Consider the following problem,
The theaters of a town are showing seven comedies and nine dramas. Marlon has seen five of the movies. If the first three movies he has seen are dramas, what is the probability that the last two are comedies? Assume that Marlon chooses the shows at random and sees each movie at most once.
The solution manual solves it as follows:
Reduce the sample space: Marlon chooses from six dramas and seven comedies two at random. What is the probability that they are both comedies? The answer is $C(7, 2) / C(13, 2) = 0.2692307692307692$.
Now let's solve it by using conditional probability formula itself, without reducing the sample space. Let $A$ be the event that Marlon chooses the first three dramas, and $B$ the event that the other two are comedies.

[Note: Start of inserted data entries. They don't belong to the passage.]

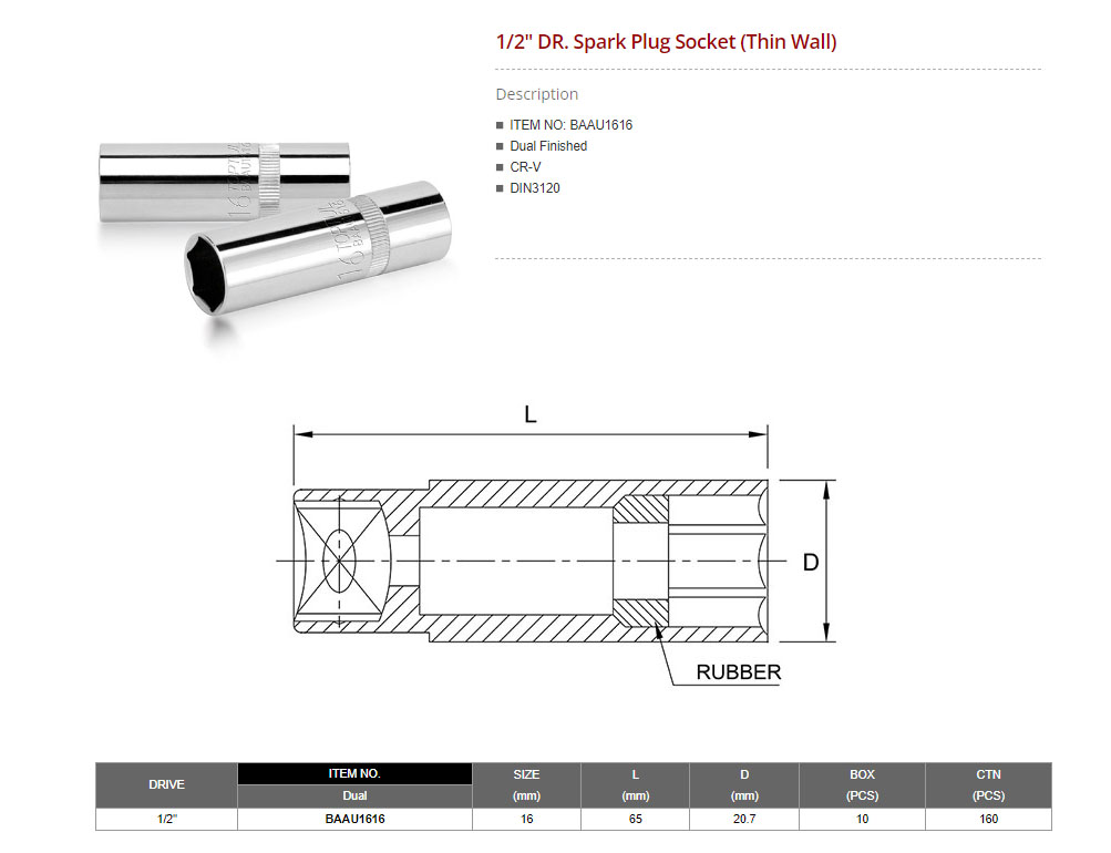SIZE(16mm) 1/2" DR. Spark Plug Socket(Thin Wall)
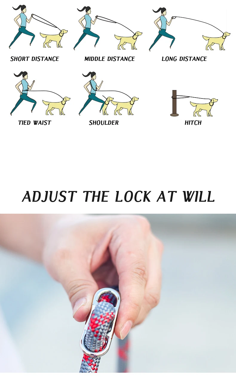 Correas dobles de nailon reflectante para mascotas, cuerda de tracción para correr, manos libres, cadena para perros pequeños y grandes
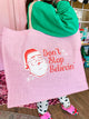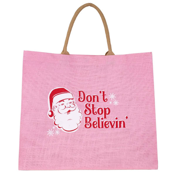 The Don’t Stop Believin’ Carryall Tote in PINK is your holiday reminder to keep the magic going! With its sweet Santa graphic and cheery pink hue, it’s the perfect pick for festive errands, gift runs, and spreading pure Christmas joy.
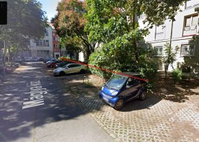 Egy (évek óta) kiszáradt bálványfa a parkolóban, mely kidőlésével komoly személyi sérüléseket és tetemes anyagi kárt okozhat.
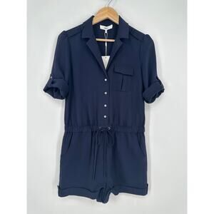 REVOLVE Likely Ellie Romper Button Front 3/4 Sleeve Crepe Navy Blue, NWT
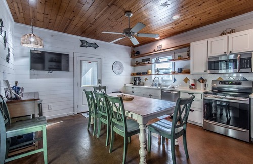Fully equipped kitchen with plenty of counter space, a TV, and a large dining table. Whether you’re enjoying meals, working on puzzles, or just keeping the cooks company, this space is ideal for gathering.
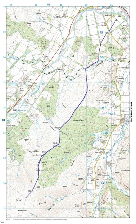 Depending on conditions the route may be marked at intervals, but self-navigation is required. The bad weather alternative course will follow the same route but the turning point, rather than being at the top of The Scrape hill, will be earlier and lower down the hill at NT181332. Any route changes will be made clear to runners before the start and a marshall will be at the new return location if applicable.
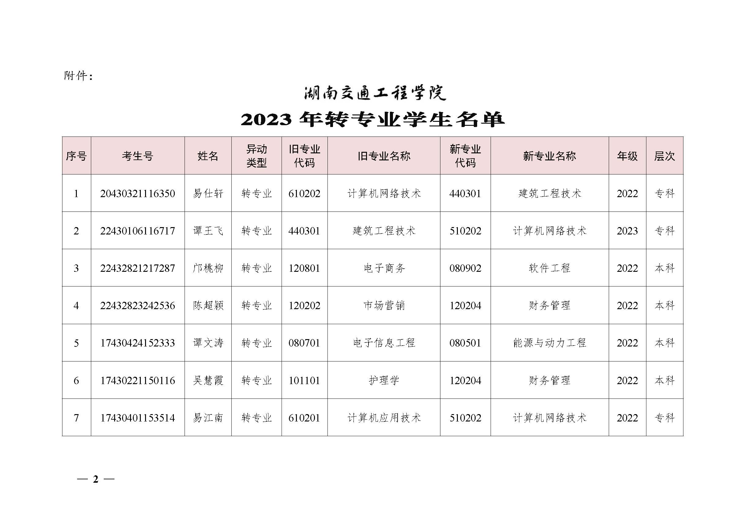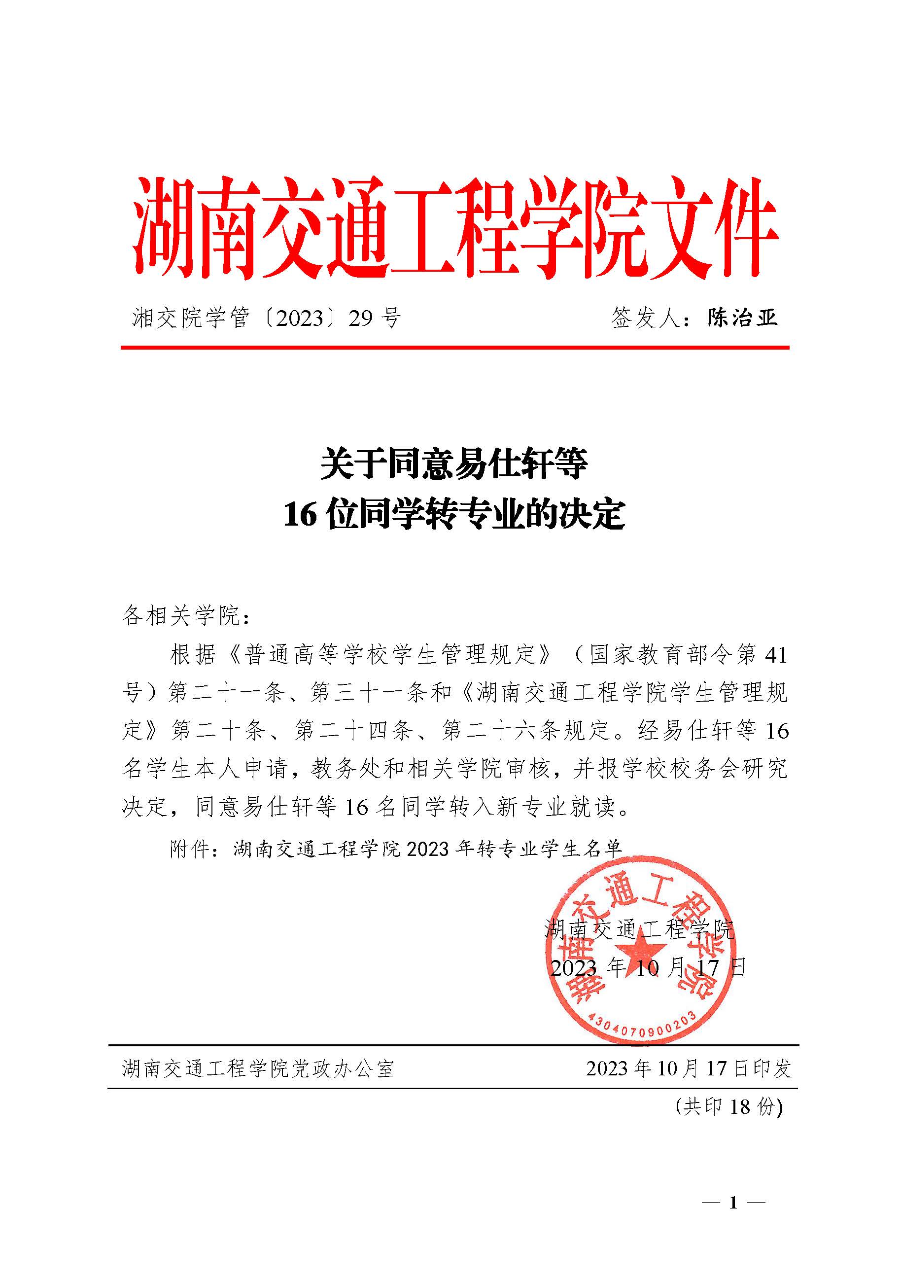 关于同意易仕轩等16位同学转专业的决定(湘交院学管〔2023〕29号)

Thus we have, $$ P(B | A) = \frac{P(A\cap B)}{P(A)} = \frac{\frac{C(9, 3)\times C(7, 2)}{C(16, 5)}}{\frac{C(9, 3)\times C(7, 2) + C(9, 4) \times C(7, 1) + C(9, 5) \times C(7, 0)}{C(16, 5)}} = 0.6363636363636364 $$ So why are the answers different?
The error with your approach is that although the problem statement talks about "first movie seen" and "second movie seen", your sample space did not make mention of what the order you saw the movies in was. You can correct this by keeping track of the entire order in which you saw the movies... so rather than $\binom{16}{5}$ options for the movies seen in all, you instead have $16\times 15\times 14\times 13\times 12$ options. Another option is that you can imagine the "first three movies" seen all happening in a clump and the final two movies happening in a clump together... giving $\binom{16}{3}\binom{13}{2}$ options. Your approach seems to have tried to use this second idea, however you were not consistent with how the numerator and denominator treats these clumps as being notably different. Alternatively, you incorrectly counted some occurrences of having watched three dramas as being scenarios where "the first three movies seen were dramas" and you had included things such as where you started with two dramas and a comedy in the first clump and saw a drama and comedy in the second clump which should not have counted.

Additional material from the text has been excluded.